[Exercise description]: Reproduce every record below exactly, with the pictures left out.

[Excerpts from a dataset]:
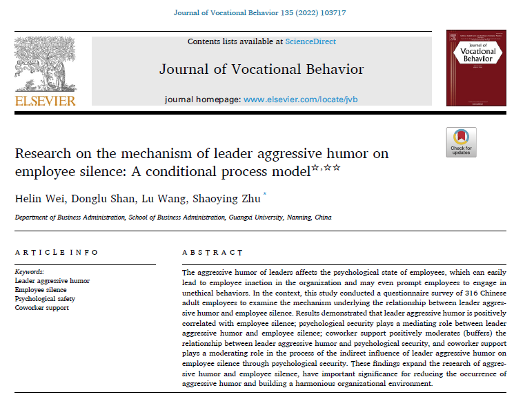 近日,老王磁力 韦荷琳博士为第一作者、朱少英副教授为通讯作者、硕士生山冬鲁和本科生王璐为共同作者,在国际知名期刊《Journal of Vocational Behavior》发表学术论文“Research on the mechanism of leader aggressive humor on employee silence: A conditional process model”。
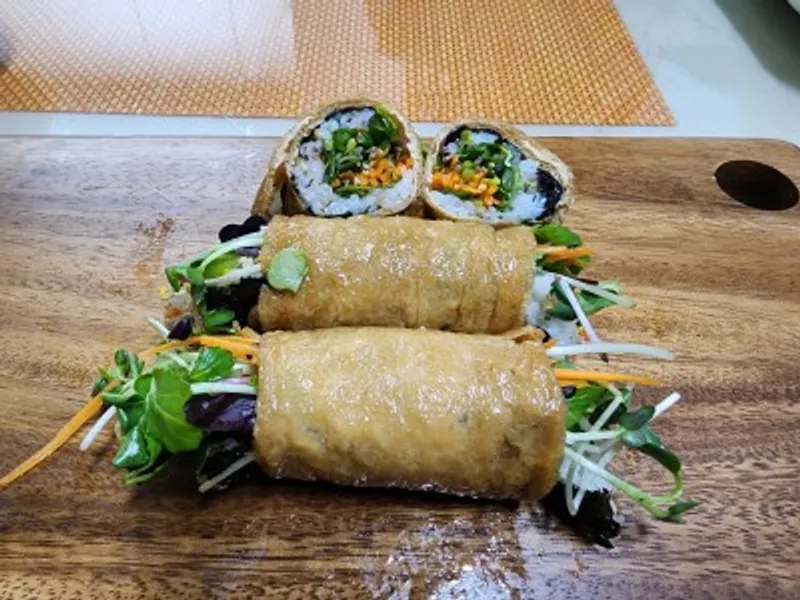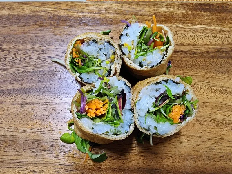 잘 말은 새싹채소 유부롤깁밥을 그대로 먹어도 되지만
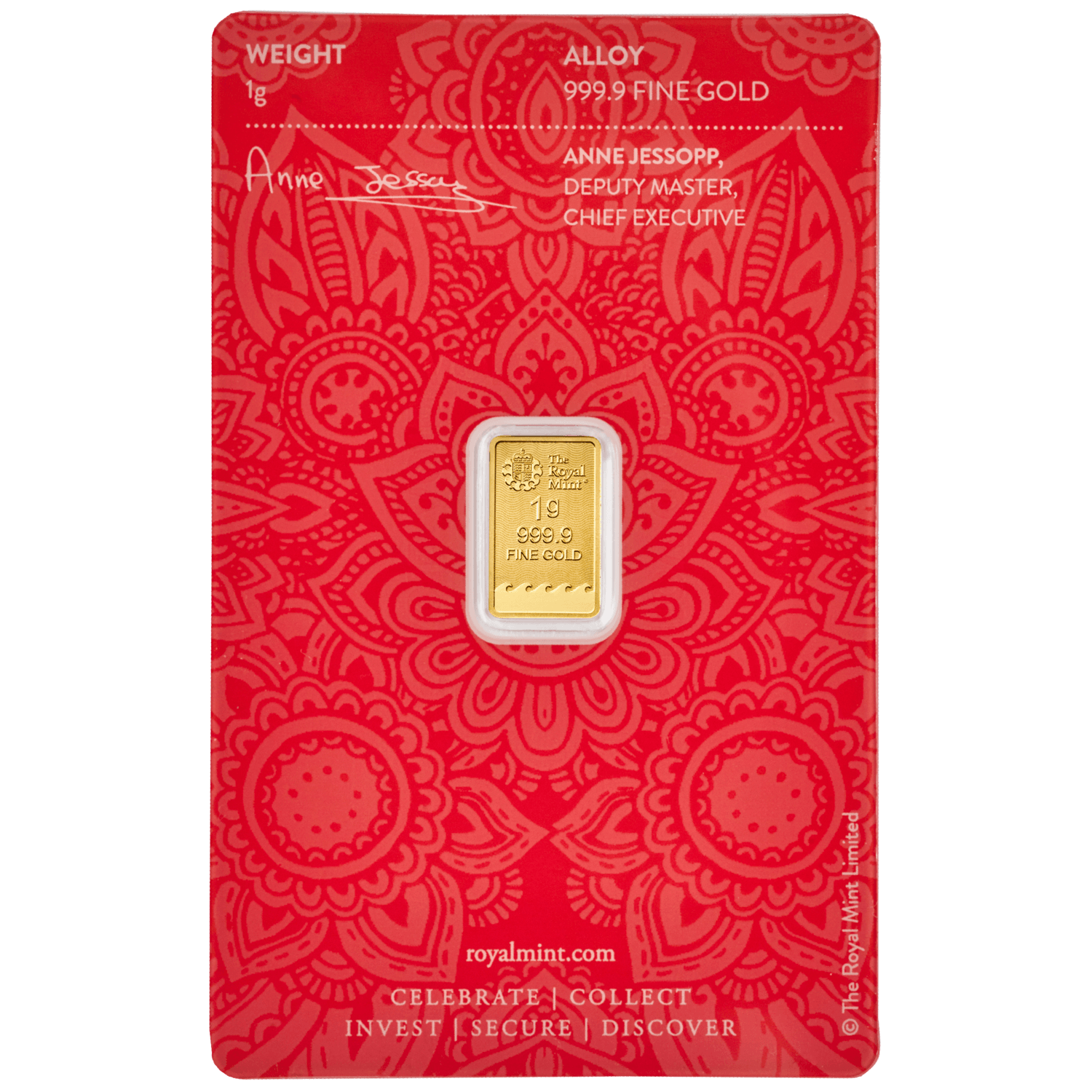 This is the first time Britannia bullion is available as a 1g gold bar. Each bar is also imprinted with a unique serial number and presented in colourful celebratory henna styled packaging, ready to gift.
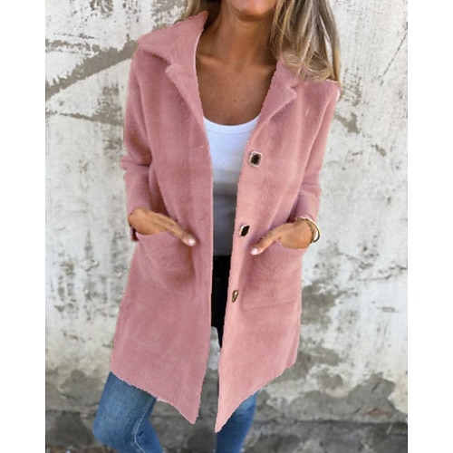 Per donna Cappotto Invernale Cappotto Caldo Confortevole Tasca Bottoni Elegante Casual Semplice Vacanza Streetwear Casuale Abbigliamento quotidiano Lungo Collo ripiegato Vestibilità regolare Manica
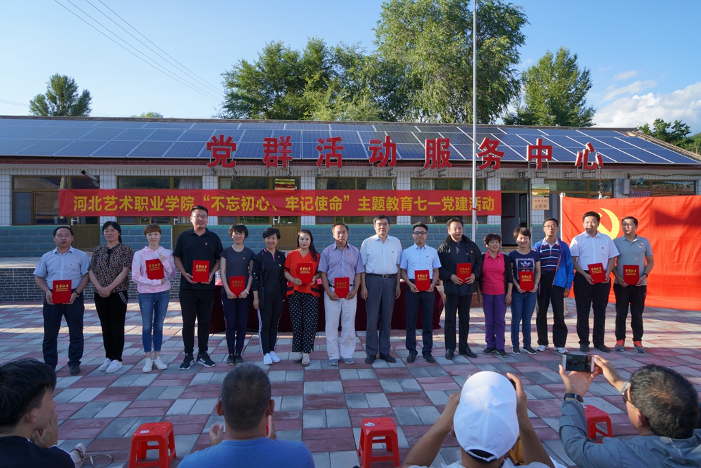 为纪念中国共产党成立98周年,深入学习贯彻习近平新时代中国特色社会主义思想,加强党员党性观念和宗旨意识教育,更好完成立德树人任务;同时,感受学院三年多来扶贫工作取得的扎实成效和进展,坚定打赢脱贫攻坚战的信心和决心,7月1日至3日,学院党委组织全体党员赴我院精准扶贫对口帮扶村——承德市丰宁满族自治县黄旗镇老虎沟门村开展主题党建活动。此次活动,是扶贫工作、立德树人与党建活动的一次有机结合,也是学院“不忘初心、牢记使命”主题教育的一项重要内容。
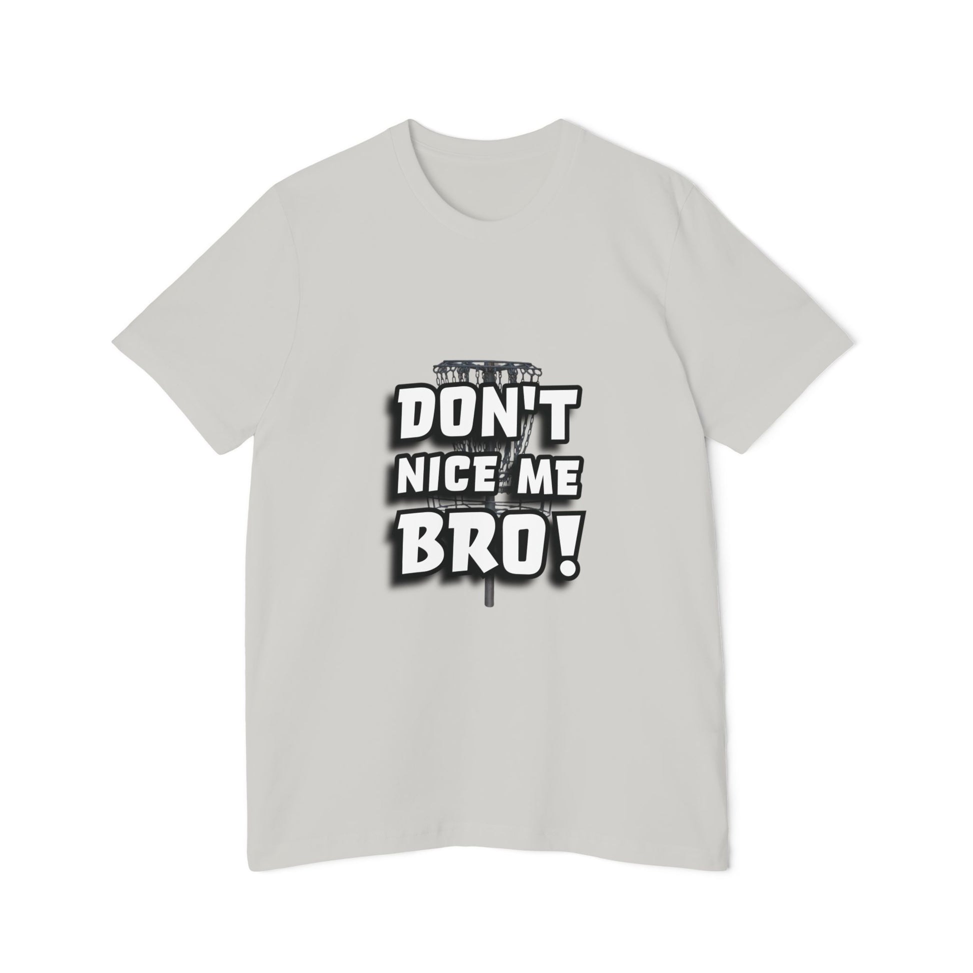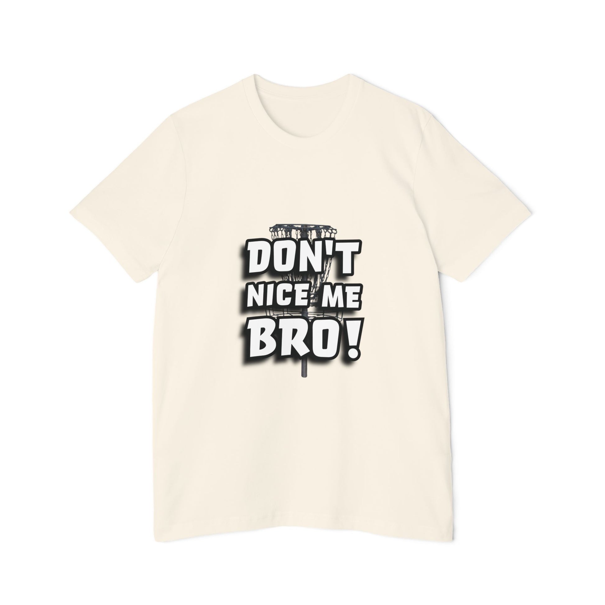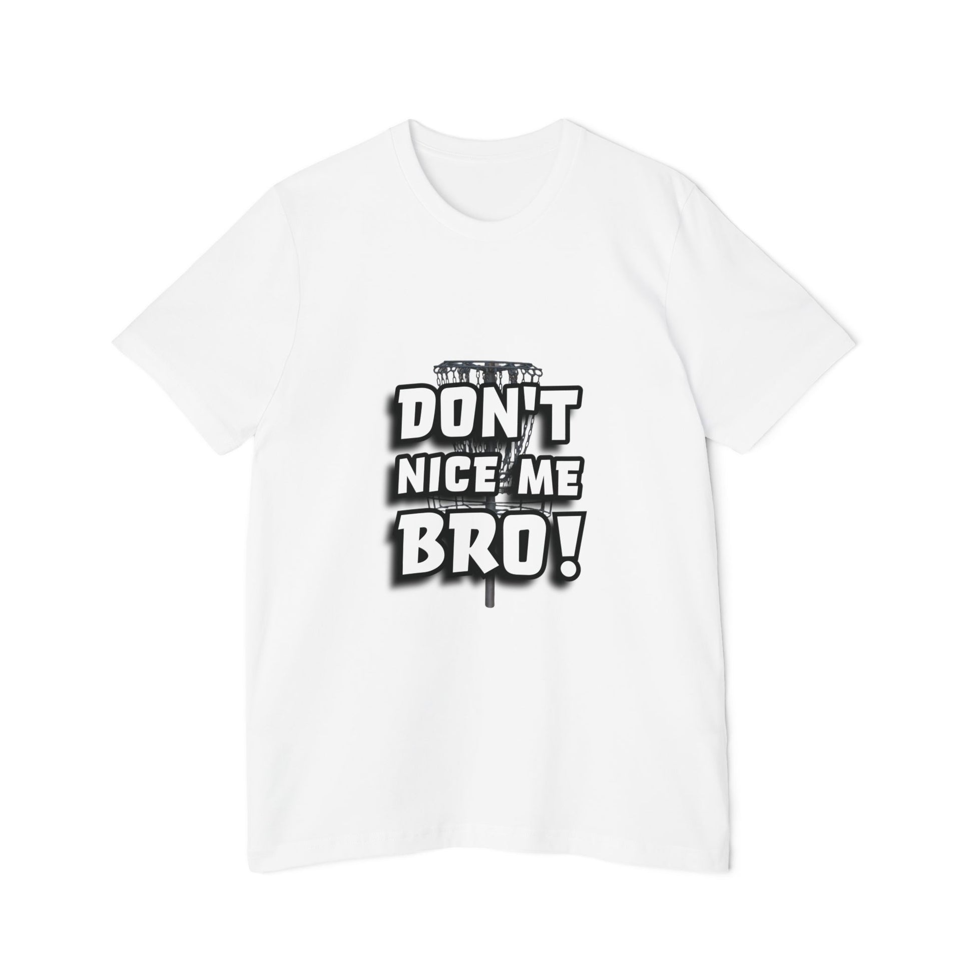 This tee brings disc golf humor front and center with the bold phrase “DON’T NICE ME BRO!” in large, stylized white and black lettering. A faint image of a disc golf basket adds subtle texture behind the words, giving it that on-the-course edge. Perfect for players who know the jinx is real, say “nice shot” too soon, and you might just curse it! A must-have for any disc golfer with a sense of humor.

[The completed task]:
 近日,老王磁力 韦荷琳博士为第一作者、朱少英副教授为通讯作者、硕士生山冬鲁和本科生王璐为共同作者,在国际知名期刊《Journal of Vocational Behavior》发表学术论文“Research on the mechanism of leader aggressive humor on employee silence: A conditional process model”。
 잘 말은 새싹채소 유부롤깁밥을 그대로 먹어도 되지만
 This is the first time Britannia bullion is available as a 1g gold bar. Each bar is also imprinted with a unique serial number and presented in colourful celebratory henna styled packaging, ready to gift.
 Per donna Cappotto Invernale Cappotto Caldo Confortevole Tasca Bottoni Elegante Casual Semplice Vacanza Streetwear Casuale Abbigliamento quotidiano Lungo Collo ripiegato Vestibilità regolare Manica
 为纪念中国共产党成立98周年,深入学习贯彻习近平新时代中国特色社会主义思想,加强党员党性观念和宗旨意识教育,更好完成立德树人任务;同时,感受学院三年多来扶贫工作取得的扎实成效和进展,坚定打赢脱贫攻坚战的信心和决心,7月1日至3日,学院党委组织全体党员赴我院精准扶贫对口帮扶村——承德市丰宁满族自治县黄旗镇老虎沟门村开展主题党建活动。此次活动,是扶贫工作、立德树人与党建活动的一次有机结合,也是学院“不忘初心、牢记使命”主题教育的一项重要内容。
 This tee brings disc golf humor front and center with the bold phrase “DON’T NICE ME BRO!” in large, stylized white and black lettering. A faint image of a disc golf basket adds subtle texture behind the words, giving it that on-the-course edge. Perfect for players who know the jinx is real, say “nice shot” too soon, and you might just curse it! A must-have for any disc golfer with a sense of humor.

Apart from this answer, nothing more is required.